13. It is clear that the Testatrix had by Clause 3 devised the property in relation to Certificate of Title No.21978 to her grandson, Niraj Sharma and by Clause 4 property in relation to Certificate of Title No.21979 was to be sold and 50% of the proceeds of sale were to be given to D A V. Girls School, 25% to son, Vinesh Sharma and 25% to be equally divided and given to Grand Sons, Shyam Sharma and Shivneel Sharma.


14. According to Clause 3, apart from the property in Certificate No.21978, Niraj Sharma has been devised the residue of the testatrix's real and personal property "whatsoever and wheresoever" and for him to benefit by them absolutely when he attains the age of 30 years.

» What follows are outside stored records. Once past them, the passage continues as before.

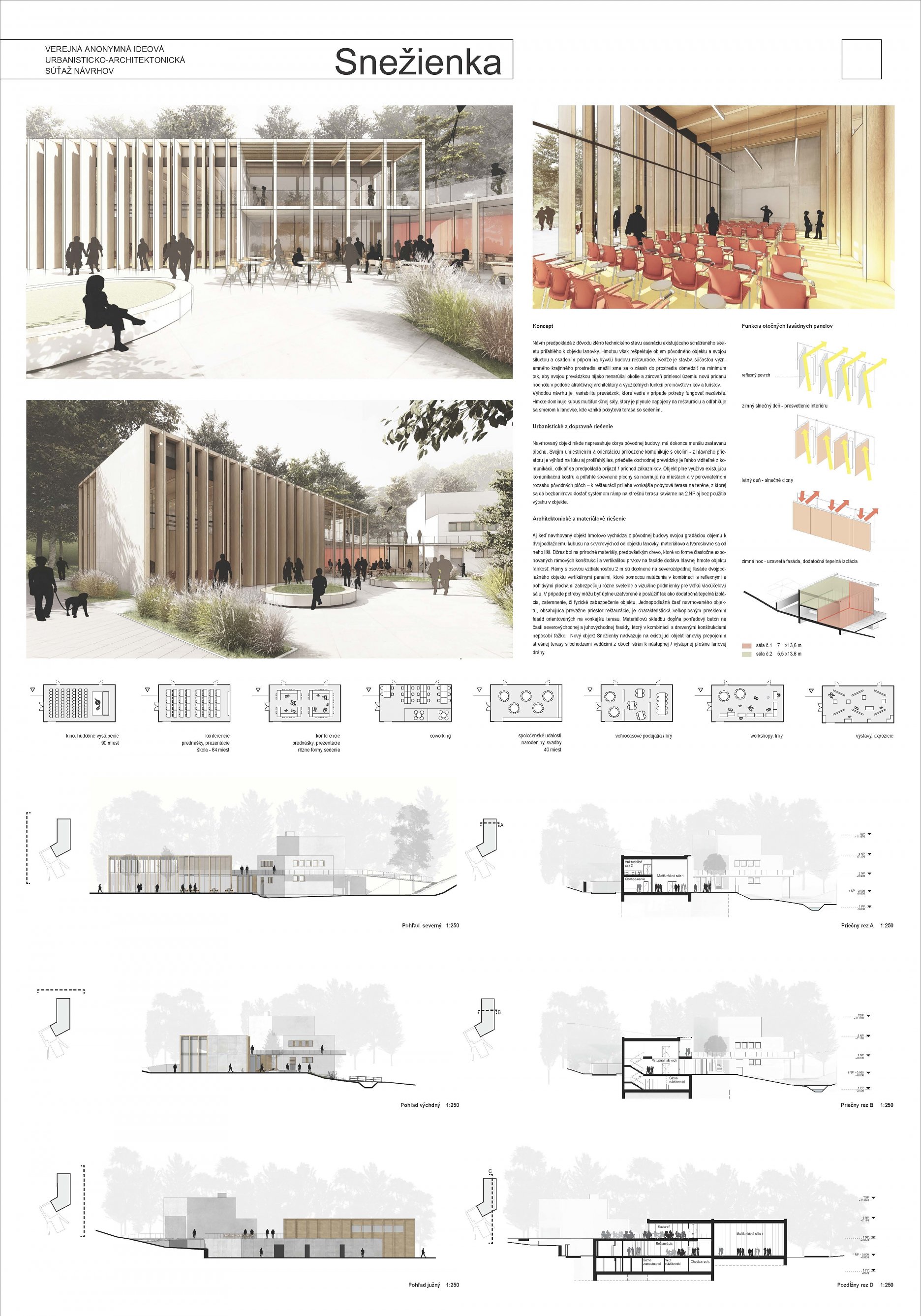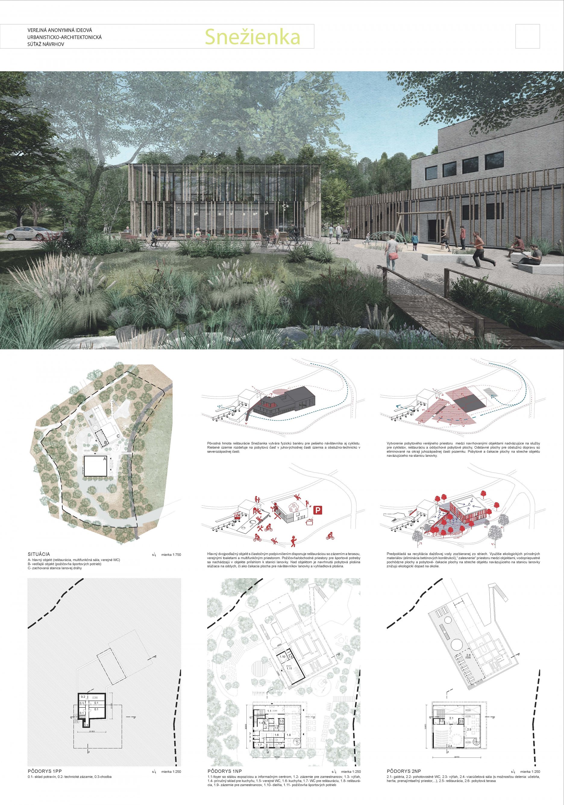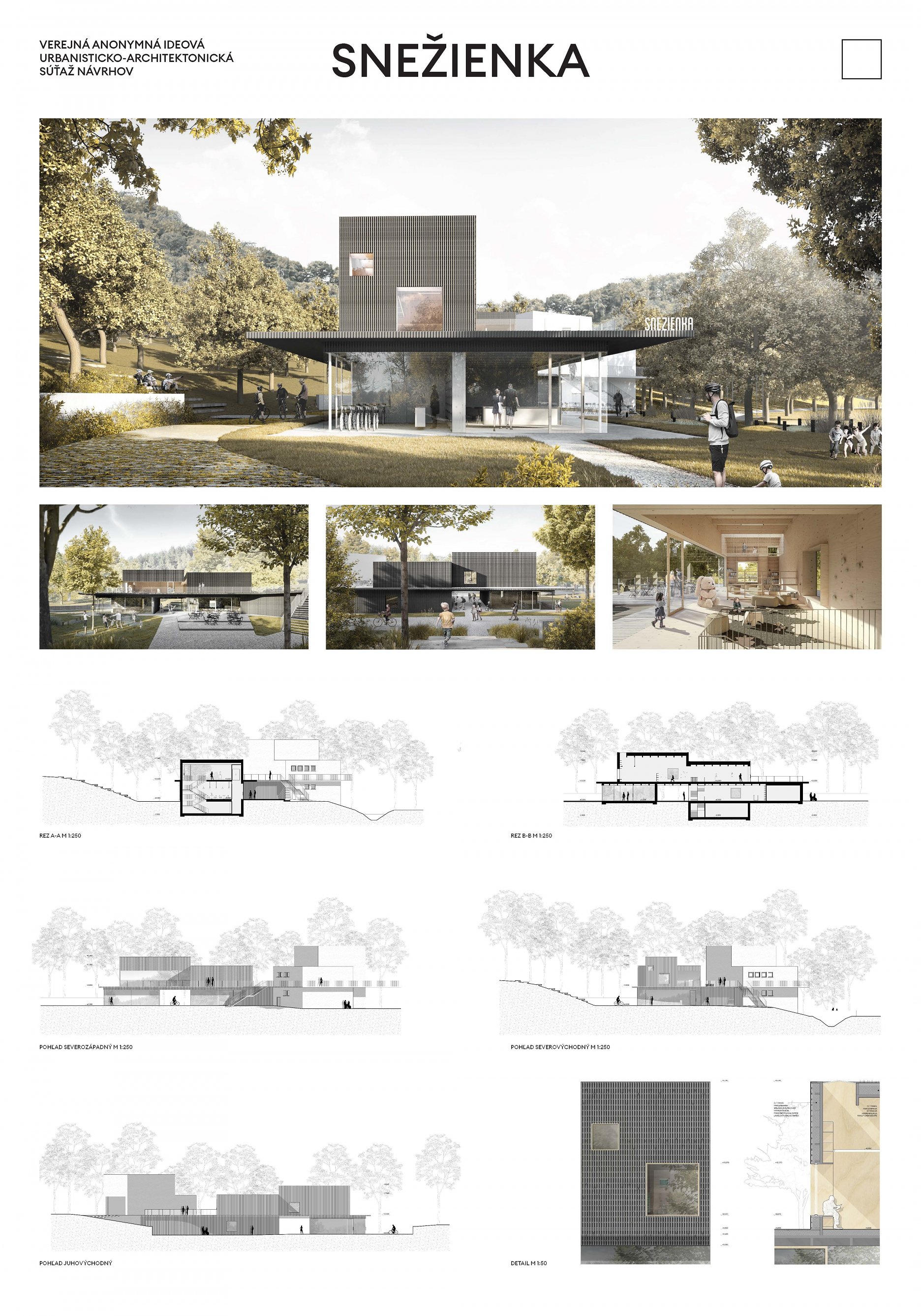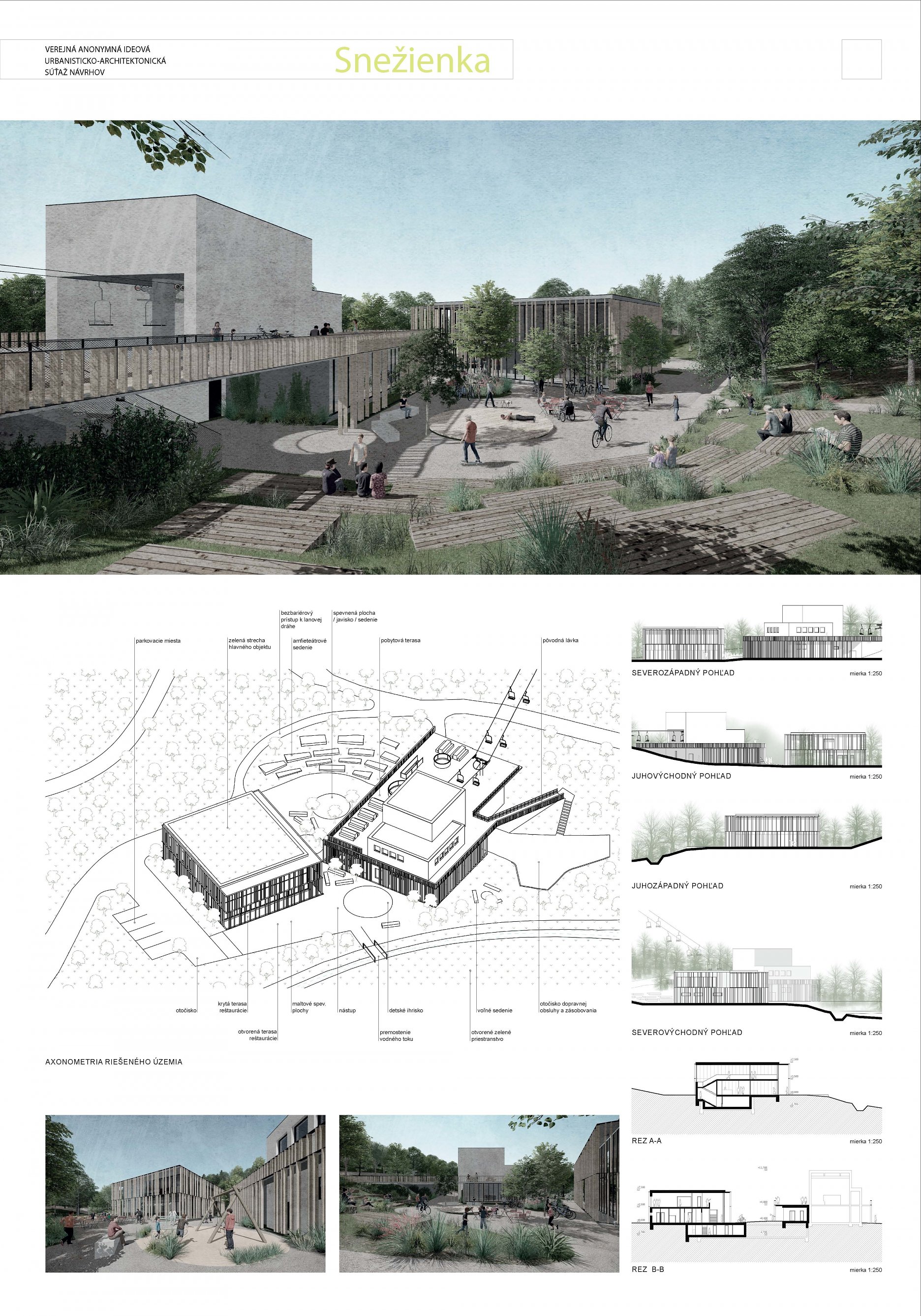 Členovia poroty ocenili návrh nových verejných priestorov v zázemí nového objektu Snežienky a návrh objektu „prívetivého“ k jeho návštevníkom, ktorý by mohol poskytnúť svojím návštevníkom viacero možností trávenia voľného času.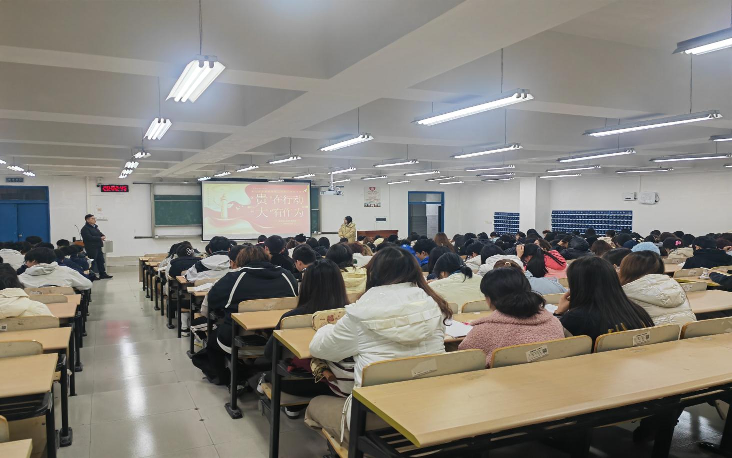 为深入学习贯彻党的二十届三中全会精神,提升青年学生群体的思想政治素质,引导广大青年在学思践悟中凝聚奋进力量,2024年11月27日晚,阳明学院学工党支部联合马克思主义青年学习社在南校区致知楼502教室开展“传达全会精神,共绘现代化蓝图”为主题的“理论宣传二人讲”宣讲会。会议由阳明学院团委副书记史萌老师主持,青马学社成员及学院学生共计200余人参加。
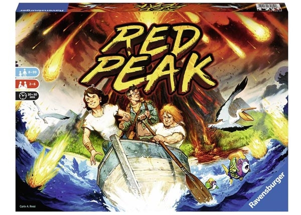In het spel Red Peak zijn de spelers een groep avonturiers die een vulkaaneiland verkennen. Net wanneer ze op het eiland zijn, begint de vulkaan Red Peak uit te barsten. Iedereen moet zo snel mogelijk door de dichtbegroeide jungle terug naar het strand. Slagen jullie erin om de groep avonturiers in de boot te krijgen voordat de lava jullie te pakken krijgt? Red Peak is een spannend coöperatief spel van Ravensburger voor 2 tot 6 spelers.Inhoud bordspel Red Peak: – een dubbelzijdig junglebord, – 75 schijfjes en kaartjes, – 55 speelkaarten, – een zandloper, – een tent, – een avonturier pion, – spelregels.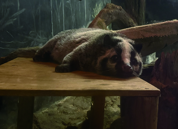 ハクビシンは、漢字で書くと「白鼻心(白鼻芯)」。名前の通り頭から鼻筋にかけて白い線が特徴で、顔の真ん中を1本しんが通っているかのようです。中国南部から東南アジア、日本などに生息するジャコウネコ科の哺乳類で、天王寺動物園ではオスの「ぱむ」が夜行性動物舎で生活しています。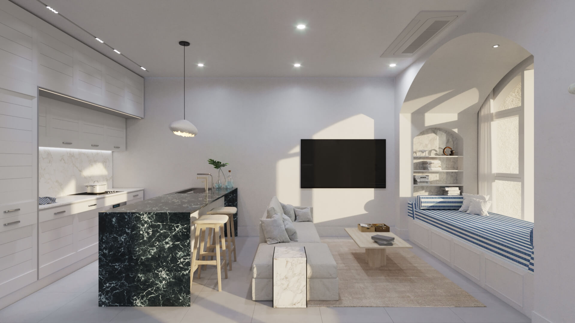 또한 ‘레이어드홈’ 컨셉이 적용되어 실용성과 트렌디한 인테리어를 동시에 제공합니다. 주방은 11자형 구조로 설계되어 아일랜드 테이블을 포함해 효율적인 공간 활용을 가능하게 하며, 약 7.3m에 달하는 광폭 창호와 창가 좌석이 추가되어 개방감과 편안한 휴식 공간을 제공합니다.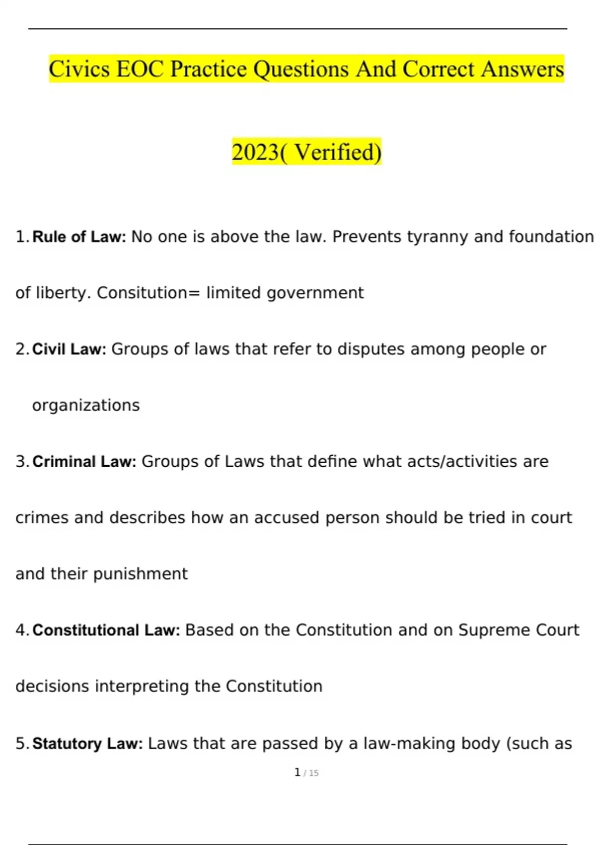 Civics EOC Practice Questions And Answers With Verified Test 2023

15. Clause 3 directs the trustees to distribute the contents of the will one year after the Testatrix's death and till such time for all proceeds to be deposited in the estate account.


16. The question that arises is as regards "all proceeds" stated in Clause 3. It is on record that there are two flats apart from the flat occupied by Devendra Prasad Sharma and his son Niraj Sharma, in the property relating to Title Certificate 21978, which two flats have not been given out on rent. Therefore there are no proceeds as far as that property is concerned. Given the tenor in which Clause 3 is framed it is apparent that the intention of the Testatrix had been to give the proceeds (after accounting for any expenses relating to such property) if any, from that property to Niraj Sharma, when he attains the age of 30 years by stating that the residue of her real and personal property should devolve on him and that such proceeds if any, would have to be held by the Executrices until such time as he attained the age of 30 years. It is clear that it is only Niraj Sharma who is to benefit from the property so devised.


17. As regards the title in the said property, Clause 3 lays down that Niraj Sharma would have the house and benefit (thereof) absolutely "when he attains the age of 30 years". The question arises as to when such property would vest in him. The authorities favour the view that the title to such property vests immediately in the beneficiary on the death of the Testator or Testatrix. In Re Squire [1962] High Court of Ontario, Canada, [1962] O.R. 863, the testator left certain real property to trustees "To hold ... until my grandson ... reaches the age of 30 years" . It was held that there was an absolute and vested gift. The case of Wheedon v Lea (1789) 3 Term RE, 42[1789] EngR 532; , 100 ER 445, was cited in Re Squire, where it was held that when a testator uses the words "when and so soon as he should attain the age of 24 years" or "upon attaining 24 years", rather than "if he should attain the age of 24 years" that such words do not establish a condition precedent.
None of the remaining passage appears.